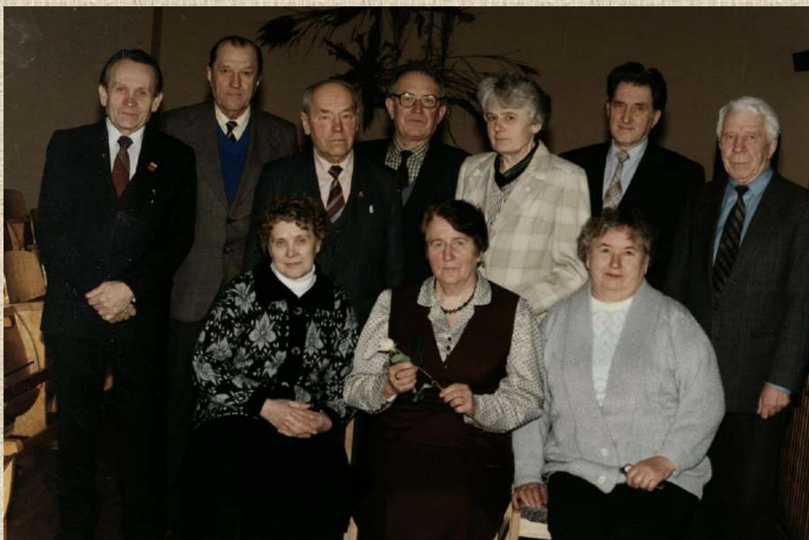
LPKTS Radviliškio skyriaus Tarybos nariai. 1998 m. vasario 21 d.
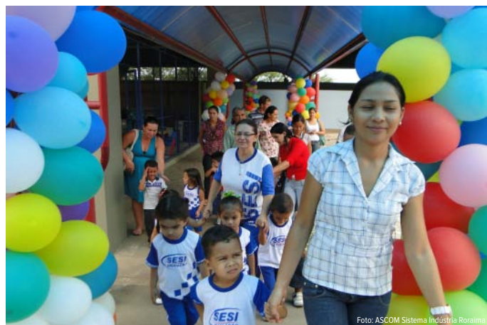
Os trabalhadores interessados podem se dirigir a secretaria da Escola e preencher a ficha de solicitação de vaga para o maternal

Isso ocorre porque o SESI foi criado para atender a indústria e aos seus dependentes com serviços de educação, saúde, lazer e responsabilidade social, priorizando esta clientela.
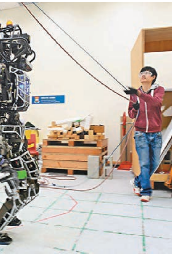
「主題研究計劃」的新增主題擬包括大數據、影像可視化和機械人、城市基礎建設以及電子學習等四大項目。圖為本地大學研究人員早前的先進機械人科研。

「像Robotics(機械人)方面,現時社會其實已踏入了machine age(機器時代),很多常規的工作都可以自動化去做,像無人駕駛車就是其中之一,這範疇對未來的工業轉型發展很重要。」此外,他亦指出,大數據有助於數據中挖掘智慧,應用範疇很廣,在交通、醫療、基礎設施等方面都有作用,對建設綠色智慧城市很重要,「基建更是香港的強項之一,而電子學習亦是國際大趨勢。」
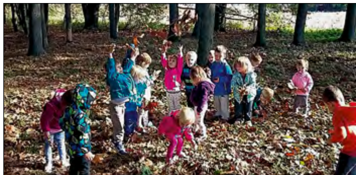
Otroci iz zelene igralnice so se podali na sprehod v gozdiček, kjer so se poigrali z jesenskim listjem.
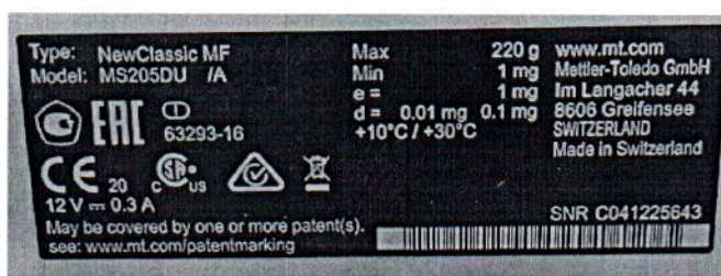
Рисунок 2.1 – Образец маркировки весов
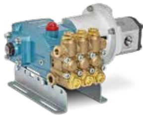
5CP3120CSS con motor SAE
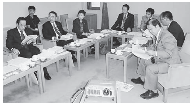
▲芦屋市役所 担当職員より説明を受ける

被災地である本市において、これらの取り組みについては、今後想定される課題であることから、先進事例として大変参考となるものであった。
───
■ Work item: Everything from the first line of the entries through the line containing "Isso ocorre porque" is to be transcribed exactly; the pictures are not.

■ Solution for this exercise:
LPKTS Radviliškio skyriaus Tarybos nariai. 1998 m. vasario 21 d.
Os trabalhadores interessados podem se dirigir a secretaria da Escola e preencher a ficha de solicitação de vaga para o maternal

Isso ocorre porque o SESI foi criado para atender a indústria e aos seus dependentes com serviços de educação, saúde, lazer e responsabilidade social, priorizando esta clientela.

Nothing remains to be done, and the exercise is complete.